(Dataset excerpts)
*** Begin section ***

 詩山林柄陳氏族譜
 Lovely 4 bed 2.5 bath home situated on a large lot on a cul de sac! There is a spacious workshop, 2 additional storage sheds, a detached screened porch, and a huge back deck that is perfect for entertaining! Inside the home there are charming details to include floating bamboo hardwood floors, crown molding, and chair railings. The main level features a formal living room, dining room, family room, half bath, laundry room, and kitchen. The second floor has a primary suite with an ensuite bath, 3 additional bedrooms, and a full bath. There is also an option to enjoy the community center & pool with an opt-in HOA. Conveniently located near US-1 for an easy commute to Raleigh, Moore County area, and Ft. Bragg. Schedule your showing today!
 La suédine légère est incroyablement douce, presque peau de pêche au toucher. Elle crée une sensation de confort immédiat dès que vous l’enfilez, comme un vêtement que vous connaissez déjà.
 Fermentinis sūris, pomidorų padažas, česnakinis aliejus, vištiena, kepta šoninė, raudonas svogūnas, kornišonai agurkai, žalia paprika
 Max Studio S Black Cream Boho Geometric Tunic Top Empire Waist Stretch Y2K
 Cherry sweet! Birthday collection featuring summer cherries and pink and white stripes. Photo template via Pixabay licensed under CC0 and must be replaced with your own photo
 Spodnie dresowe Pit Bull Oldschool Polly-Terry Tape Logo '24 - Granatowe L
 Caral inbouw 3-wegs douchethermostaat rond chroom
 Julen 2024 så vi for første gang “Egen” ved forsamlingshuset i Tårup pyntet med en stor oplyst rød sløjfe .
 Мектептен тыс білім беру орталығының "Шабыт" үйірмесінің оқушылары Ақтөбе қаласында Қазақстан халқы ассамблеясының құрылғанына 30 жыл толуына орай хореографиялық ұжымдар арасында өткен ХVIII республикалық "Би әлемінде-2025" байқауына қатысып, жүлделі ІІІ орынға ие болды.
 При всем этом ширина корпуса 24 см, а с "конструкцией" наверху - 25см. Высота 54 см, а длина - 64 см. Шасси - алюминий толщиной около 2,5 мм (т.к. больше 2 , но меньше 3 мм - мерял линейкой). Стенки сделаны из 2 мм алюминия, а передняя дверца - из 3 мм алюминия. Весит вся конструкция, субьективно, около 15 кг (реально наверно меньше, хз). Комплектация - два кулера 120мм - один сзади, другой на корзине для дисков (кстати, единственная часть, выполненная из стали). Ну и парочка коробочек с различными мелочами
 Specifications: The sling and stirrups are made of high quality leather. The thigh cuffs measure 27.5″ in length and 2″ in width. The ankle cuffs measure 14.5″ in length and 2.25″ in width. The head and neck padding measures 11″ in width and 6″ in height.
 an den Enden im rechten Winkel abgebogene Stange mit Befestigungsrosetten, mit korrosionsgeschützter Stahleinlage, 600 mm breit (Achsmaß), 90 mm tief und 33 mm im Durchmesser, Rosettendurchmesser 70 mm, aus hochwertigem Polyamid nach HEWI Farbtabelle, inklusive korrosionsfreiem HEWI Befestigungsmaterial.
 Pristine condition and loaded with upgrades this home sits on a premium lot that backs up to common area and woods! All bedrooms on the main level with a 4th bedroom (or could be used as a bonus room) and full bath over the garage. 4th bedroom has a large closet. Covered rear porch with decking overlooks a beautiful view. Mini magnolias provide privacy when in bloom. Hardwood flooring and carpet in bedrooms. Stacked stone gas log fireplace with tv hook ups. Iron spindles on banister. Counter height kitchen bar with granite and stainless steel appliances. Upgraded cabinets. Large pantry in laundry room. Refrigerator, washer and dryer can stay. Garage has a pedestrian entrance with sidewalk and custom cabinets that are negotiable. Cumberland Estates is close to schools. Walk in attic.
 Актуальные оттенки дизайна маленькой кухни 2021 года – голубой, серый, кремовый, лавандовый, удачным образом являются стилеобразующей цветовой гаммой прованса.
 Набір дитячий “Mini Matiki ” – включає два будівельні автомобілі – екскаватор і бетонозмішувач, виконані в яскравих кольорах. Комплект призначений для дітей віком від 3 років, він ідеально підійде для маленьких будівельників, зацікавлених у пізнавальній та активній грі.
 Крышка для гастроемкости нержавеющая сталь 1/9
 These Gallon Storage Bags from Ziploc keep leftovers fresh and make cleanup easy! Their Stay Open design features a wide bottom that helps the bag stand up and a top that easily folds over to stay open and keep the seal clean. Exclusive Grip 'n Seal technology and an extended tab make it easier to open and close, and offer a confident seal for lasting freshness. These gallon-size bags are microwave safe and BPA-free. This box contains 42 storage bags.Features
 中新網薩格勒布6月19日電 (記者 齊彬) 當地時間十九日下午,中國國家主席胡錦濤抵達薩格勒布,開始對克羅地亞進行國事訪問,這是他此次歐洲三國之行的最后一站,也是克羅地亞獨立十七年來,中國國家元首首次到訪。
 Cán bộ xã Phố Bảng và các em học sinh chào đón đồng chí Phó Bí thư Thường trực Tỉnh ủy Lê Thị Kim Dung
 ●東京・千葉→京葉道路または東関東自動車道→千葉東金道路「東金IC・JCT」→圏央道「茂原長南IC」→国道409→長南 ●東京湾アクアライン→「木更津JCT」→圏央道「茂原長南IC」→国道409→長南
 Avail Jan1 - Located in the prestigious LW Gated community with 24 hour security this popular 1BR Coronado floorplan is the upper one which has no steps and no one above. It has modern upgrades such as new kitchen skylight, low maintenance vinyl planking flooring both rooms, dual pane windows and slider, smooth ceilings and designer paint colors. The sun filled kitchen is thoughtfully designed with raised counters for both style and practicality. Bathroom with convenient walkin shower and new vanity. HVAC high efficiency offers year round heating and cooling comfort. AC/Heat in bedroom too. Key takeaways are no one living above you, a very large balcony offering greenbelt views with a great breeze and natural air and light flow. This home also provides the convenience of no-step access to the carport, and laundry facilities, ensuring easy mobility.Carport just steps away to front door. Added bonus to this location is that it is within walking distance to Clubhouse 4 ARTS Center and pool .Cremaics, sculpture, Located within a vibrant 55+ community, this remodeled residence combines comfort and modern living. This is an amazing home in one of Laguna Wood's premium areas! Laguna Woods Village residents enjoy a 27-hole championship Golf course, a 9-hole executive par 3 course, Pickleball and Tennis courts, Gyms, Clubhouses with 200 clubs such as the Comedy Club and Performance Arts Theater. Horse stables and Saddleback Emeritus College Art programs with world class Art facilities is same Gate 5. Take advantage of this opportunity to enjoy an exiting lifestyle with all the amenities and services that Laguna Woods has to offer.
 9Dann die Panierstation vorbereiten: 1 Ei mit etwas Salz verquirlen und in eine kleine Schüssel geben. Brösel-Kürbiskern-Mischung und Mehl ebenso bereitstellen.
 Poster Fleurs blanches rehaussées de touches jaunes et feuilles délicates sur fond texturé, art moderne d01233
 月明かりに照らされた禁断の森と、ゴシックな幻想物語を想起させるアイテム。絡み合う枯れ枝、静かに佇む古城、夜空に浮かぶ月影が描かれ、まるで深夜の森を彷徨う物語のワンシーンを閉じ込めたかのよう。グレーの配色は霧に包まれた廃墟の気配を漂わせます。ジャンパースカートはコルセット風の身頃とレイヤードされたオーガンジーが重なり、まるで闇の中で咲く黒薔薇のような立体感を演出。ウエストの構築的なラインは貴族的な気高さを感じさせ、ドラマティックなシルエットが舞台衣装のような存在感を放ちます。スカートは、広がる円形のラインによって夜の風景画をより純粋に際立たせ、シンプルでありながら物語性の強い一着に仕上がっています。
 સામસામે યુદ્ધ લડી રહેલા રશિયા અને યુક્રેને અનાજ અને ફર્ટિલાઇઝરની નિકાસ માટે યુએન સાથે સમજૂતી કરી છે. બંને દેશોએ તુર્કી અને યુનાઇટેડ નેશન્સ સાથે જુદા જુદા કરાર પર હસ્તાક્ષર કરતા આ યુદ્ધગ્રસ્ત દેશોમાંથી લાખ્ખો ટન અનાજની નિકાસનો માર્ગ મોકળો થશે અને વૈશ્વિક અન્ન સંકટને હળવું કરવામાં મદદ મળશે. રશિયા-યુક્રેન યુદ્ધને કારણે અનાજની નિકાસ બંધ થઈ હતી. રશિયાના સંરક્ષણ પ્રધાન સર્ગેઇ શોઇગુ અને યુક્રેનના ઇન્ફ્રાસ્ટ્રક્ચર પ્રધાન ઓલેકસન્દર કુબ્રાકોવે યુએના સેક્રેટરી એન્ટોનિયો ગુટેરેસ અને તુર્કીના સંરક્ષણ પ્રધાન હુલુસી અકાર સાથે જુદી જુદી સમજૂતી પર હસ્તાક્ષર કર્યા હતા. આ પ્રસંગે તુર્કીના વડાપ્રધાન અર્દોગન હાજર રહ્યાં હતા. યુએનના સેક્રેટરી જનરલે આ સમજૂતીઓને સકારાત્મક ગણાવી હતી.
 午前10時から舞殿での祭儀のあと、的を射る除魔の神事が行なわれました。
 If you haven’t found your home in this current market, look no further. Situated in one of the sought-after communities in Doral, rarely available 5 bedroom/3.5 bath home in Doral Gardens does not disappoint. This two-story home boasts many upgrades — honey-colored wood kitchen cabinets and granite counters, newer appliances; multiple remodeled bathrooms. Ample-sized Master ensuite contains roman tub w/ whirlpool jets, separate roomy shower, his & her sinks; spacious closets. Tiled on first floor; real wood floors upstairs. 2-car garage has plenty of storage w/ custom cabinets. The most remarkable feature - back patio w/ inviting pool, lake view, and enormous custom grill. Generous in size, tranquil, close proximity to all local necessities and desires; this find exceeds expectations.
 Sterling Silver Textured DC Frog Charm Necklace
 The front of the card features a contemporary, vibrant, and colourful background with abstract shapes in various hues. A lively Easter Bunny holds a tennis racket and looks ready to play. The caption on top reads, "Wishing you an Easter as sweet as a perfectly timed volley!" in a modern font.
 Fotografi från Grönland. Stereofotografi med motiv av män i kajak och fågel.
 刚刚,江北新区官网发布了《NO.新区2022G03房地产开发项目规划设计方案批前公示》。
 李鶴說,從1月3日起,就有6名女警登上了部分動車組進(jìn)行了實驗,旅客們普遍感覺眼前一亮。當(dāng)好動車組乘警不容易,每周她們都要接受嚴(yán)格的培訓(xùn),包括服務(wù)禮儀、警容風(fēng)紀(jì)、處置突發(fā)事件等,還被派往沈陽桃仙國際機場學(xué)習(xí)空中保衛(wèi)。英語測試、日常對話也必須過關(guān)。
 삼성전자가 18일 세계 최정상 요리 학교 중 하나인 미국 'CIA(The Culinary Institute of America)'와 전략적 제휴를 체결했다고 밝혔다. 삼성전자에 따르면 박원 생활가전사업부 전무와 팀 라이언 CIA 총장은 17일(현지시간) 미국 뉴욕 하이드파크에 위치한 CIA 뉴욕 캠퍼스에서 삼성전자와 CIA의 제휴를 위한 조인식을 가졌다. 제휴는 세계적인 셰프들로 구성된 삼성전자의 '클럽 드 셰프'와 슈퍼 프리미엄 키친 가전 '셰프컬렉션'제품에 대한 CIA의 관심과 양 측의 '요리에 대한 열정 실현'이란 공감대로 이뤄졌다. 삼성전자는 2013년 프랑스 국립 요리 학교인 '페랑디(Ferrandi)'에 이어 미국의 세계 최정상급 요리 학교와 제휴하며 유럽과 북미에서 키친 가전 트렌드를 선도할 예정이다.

*** End section ***

PROBLEM TO SOLVE »
Repeat word for word the lines above that run from the line containing "Max Studio S" through the line containing "Мектептен тыс білім", both ends included, and nothing else.

EXERCISE ANSWER »
 Max Studio S Black Cream Boho Geometric Tunic Top Empire Waist Stretch Y2K
 Cherry sweet! Birthday collection featuring summer cherries and pink and white stripes. Photo template via Pixabay licensed under CC0 and must be replaced with your own photo
 Spodnie dresowe Pit Bull Oldschool Polly-Terry Tape Logo '24 - Granatowe L
 Caral inbouw 3-wegs douchethermostaat rond chroom
 Julen 2024 så vi for første gang “Egen” ved forsamlingshuset i Tårup pyntet med en stor oplyst rød sløjfe .
 Мектептен тыс білім беру орталығының "Шабыт" үйірмесінің оқушылары Ақтөбе қаласында Қазақстан халқы ассамблеясының құрылғанына 30 жыл толуына орай хореографиялық ұжымдар арасында өткен ХVIII республикалық "Би әлемінде-2025" байқауына қатысып, жүлделі ІІІ орынға ие болды.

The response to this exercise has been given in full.